SOURCE DATA Block Start

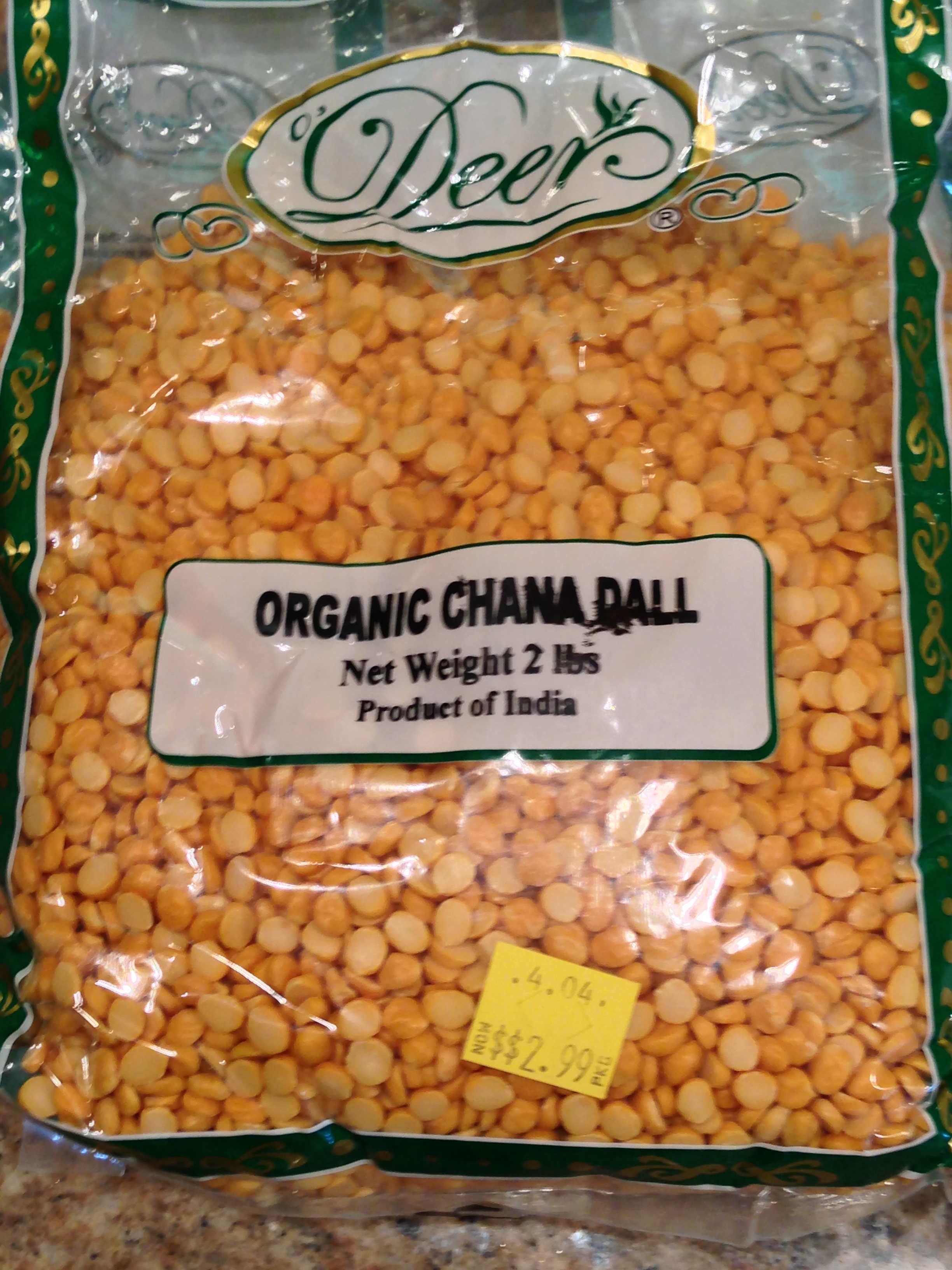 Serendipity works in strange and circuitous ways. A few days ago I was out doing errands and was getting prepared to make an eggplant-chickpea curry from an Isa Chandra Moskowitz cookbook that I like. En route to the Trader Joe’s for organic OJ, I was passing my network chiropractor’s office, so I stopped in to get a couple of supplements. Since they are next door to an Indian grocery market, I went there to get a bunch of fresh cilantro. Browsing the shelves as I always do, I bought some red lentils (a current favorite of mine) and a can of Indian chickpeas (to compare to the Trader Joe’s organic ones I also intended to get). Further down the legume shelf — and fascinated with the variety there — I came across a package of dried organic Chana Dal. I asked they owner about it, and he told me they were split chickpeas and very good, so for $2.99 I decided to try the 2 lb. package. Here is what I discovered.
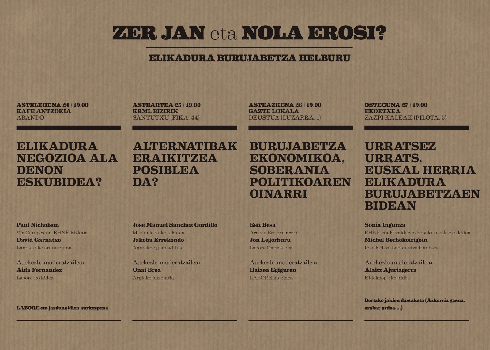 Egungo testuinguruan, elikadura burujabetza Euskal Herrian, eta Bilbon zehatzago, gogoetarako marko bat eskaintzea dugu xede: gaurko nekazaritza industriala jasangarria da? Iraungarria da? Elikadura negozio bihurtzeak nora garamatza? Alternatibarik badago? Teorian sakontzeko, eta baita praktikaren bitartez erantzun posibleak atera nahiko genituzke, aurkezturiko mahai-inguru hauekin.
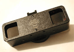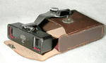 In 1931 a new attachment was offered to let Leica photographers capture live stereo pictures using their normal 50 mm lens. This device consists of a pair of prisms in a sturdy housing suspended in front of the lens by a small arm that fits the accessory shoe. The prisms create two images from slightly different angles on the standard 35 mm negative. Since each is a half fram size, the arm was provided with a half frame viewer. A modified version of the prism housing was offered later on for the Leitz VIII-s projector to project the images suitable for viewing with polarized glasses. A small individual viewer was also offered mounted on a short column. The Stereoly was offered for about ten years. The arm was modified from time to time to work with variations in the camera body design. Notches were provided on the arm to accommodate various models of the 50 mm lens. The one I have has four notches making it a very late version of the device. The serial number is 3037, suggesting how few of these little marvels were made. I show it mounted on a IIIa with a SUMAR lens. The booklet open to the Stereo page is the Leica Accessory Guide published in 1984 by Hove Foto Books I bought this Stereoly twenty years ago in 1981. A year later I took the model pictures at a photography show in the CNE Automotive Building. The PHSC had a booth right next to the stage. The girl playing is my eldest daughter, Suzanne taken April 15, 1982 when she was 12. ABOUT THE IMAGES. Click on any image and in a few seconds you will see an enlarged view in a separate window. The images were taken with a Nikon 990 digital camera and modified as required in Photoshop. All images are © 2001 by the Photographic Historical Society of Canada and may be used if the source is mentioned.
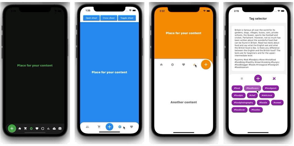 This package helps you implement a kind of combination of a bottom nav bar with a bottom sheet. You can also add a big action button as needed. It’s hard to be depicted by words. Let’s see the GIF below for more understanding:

SOURCE DATA Block End
SOURCE DATA Block Start

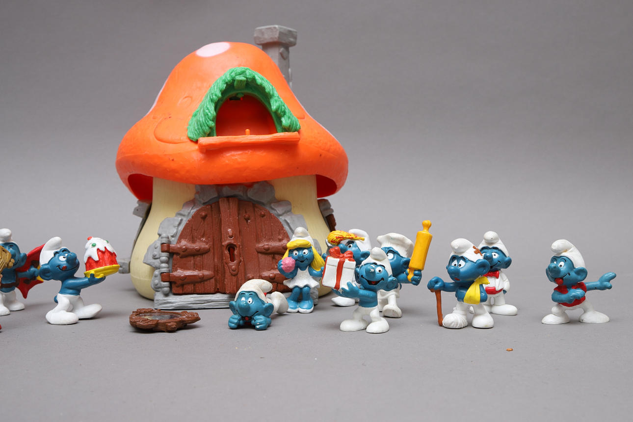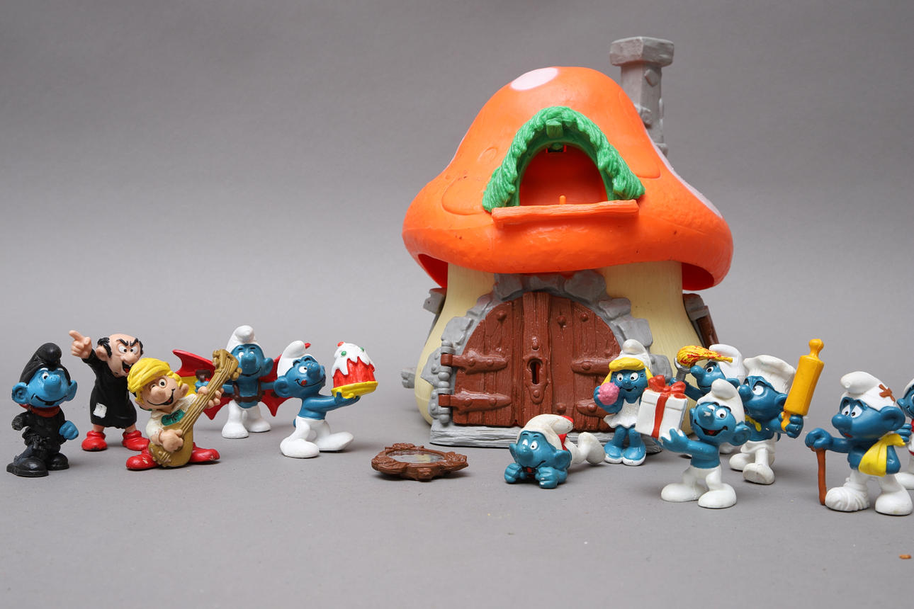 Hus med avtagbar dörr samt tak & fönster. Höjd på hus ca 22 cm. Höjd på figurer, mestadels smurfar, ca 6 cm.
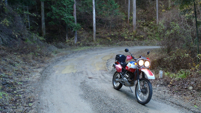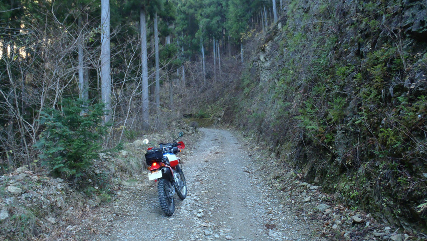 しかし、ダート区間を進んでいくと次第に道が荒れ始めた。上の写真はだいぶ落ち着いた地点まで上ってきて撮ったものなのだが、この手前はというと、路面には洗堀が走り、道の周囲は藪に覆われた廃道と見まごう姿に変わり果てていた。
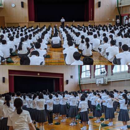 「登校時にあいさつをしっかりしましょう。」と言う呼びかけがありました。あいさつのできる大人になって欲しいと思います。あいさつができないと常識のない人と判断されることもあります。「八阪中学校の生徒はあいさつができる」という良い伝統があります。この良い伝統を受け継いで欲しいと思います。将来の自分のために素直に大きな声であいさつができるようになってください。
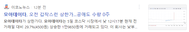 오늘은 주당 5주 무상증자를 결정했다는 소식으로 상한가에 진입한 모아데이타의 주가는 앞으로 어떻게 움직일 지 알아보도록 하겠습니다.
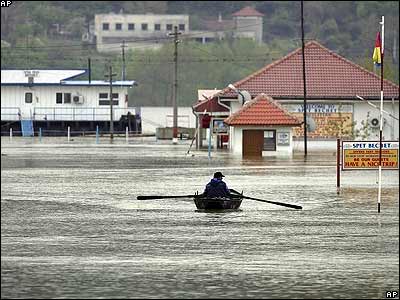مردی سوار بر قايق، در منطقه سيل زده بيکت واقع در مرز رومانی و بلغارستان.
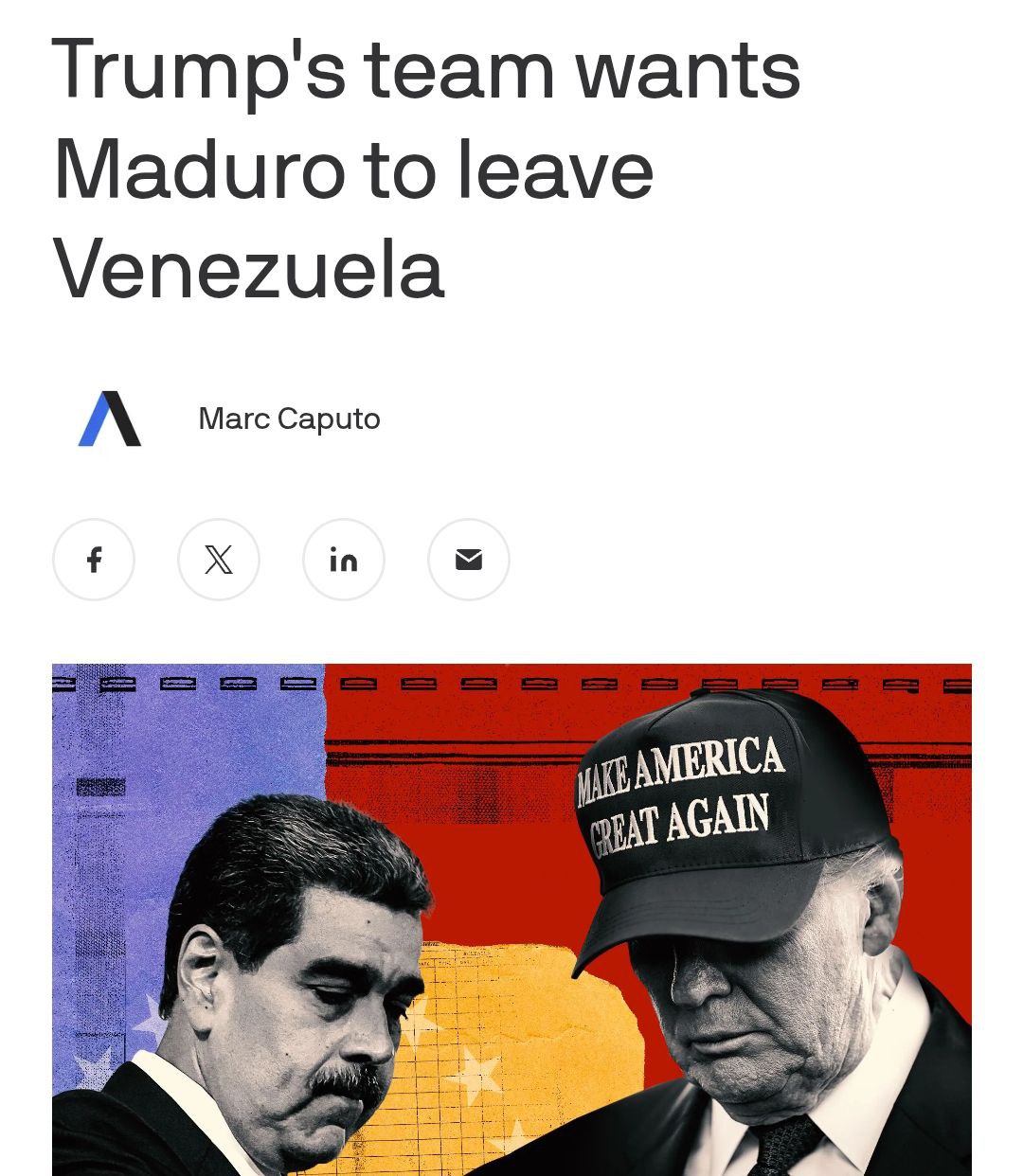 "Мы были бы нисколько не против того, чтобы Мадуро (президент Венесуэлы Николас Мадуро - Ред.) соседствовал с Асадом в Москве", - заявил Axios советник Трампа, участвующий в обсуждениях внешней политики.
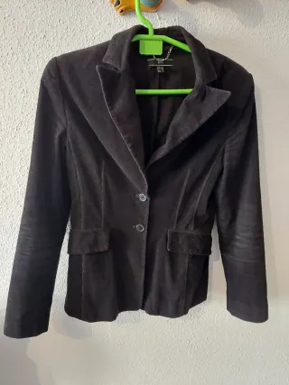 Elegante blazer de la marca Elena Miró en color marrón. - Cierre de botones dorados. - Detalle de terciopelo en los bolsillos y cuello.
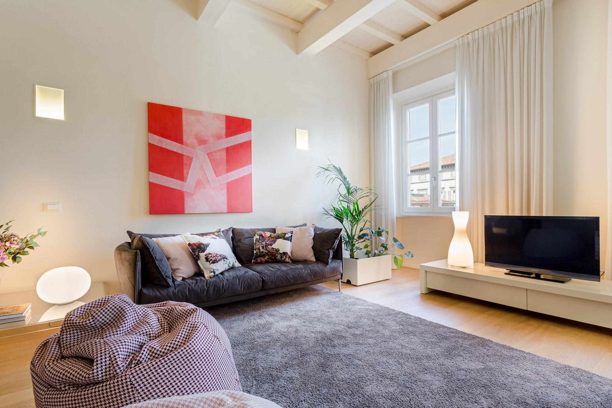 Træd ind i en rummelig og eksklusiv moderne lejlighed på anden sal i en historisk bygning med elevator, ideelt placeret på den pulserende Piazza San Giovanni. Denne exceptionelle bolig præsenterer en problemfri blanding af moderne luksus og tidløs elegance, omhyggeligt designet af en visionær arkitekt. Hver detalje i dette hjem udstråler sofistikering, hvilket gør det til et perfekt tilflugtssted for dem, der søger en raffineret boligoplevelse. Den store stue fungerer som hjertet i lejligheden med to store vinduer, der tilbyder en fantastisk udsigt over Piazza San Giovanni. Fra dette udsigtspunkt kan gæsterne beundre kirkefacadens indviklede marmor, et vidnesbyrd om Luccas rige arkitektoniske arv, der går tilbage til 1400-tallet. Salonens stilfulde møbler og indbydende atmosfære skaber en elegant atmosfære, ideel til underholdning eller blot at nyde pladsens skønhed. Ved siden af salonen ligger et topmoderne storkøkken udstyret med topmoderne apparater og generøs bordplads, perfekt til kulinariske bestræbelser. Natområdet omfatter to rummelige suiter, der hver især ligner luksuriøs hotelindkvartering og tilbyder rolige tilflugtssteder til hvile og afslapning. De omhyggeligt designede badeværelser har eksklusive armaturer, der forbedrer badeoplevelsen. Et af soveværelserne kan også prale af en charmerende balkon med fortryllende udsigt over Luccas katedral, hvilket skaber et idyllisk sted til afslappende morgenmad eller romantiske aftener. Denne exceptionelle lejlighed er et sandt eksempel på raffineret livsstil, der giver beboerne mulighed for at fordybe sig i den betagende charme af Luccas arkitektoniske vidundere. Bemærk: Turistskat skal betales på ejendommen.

SOURCE DATA Block End

- **WHAT THE TASK REQUIRES**: Return the stretch of data that begins with the line showing "Egungo testuinguruan, elikadura" and goes on through the line showing "In 1931 a new", exactly, with pictures removed.

- **RESULT**:
 Egungo testuinguruan, elikadura burujabetza Euskal Herrian, eta Bilbon zehatzago, gogoetarako marko bat eskaintzea dugu xede: gaurko nekazaritza industriala jasangarria da? Iraungarria da? Elikadura negozio bihurtzeak nora garamatza? Alternatibarik badago? Teorian sakontzeko, eta baita praktikaren bitartez erantzun posibleak atera nahiko genituzke, aurkezturiko mahai-inguru hauekin.
 In 1931 a new attachment was offered to let Leica photographers capture live stereo pictures using their normal 50 mm lens. This device consists of a pair of prisms in a sturdy housing suspended in front of the lens by a small arm that fits the accessory shoe. The prisms create two images from slightly different angles on the standard 35 mm negative. Since each is a half fram size, the arm was provided with a half frame viewer. A modified version of the prism housing was offered later on for the Leitz VIII-s projector to project the images suitable for viewing with polarized glasses. A small individual viewer was also offered mounted on a short column. The Stereoly was offered for about ten years. The arm was modified from time to time to work with variations in the camera body design. Notches were provided on the arm to accommodate various models of the 50 mm lens. The one I have has four notches making it a very late version of the device. The serial number is 3037, suggesting how few of these little marvels were made. I show it mounted on a IIIa with a SUMAR lens. The booklet open to the Stereo page is the Leica Accessory Guide published in 1984 by Hove Foto Books I bought this Stereoly twenty years ago in 1981. A year later I took the model pictures at a photography show in the CNE Automotive Building. The PHSC had a booth right next to the stage. The girl playing is my eldest daughter, Suzanne taken April 15, 1982 when she was 12. ABOUT THE IMAGES. Click on any image and in a few seconds you will see an enlarged view in a separate window. The images were taken with a Nikon 990 digital camera and modified as required in Photoshop. All images are © 2001 by the Photographic Historical Society of Canada and may be used if the source is mentioned.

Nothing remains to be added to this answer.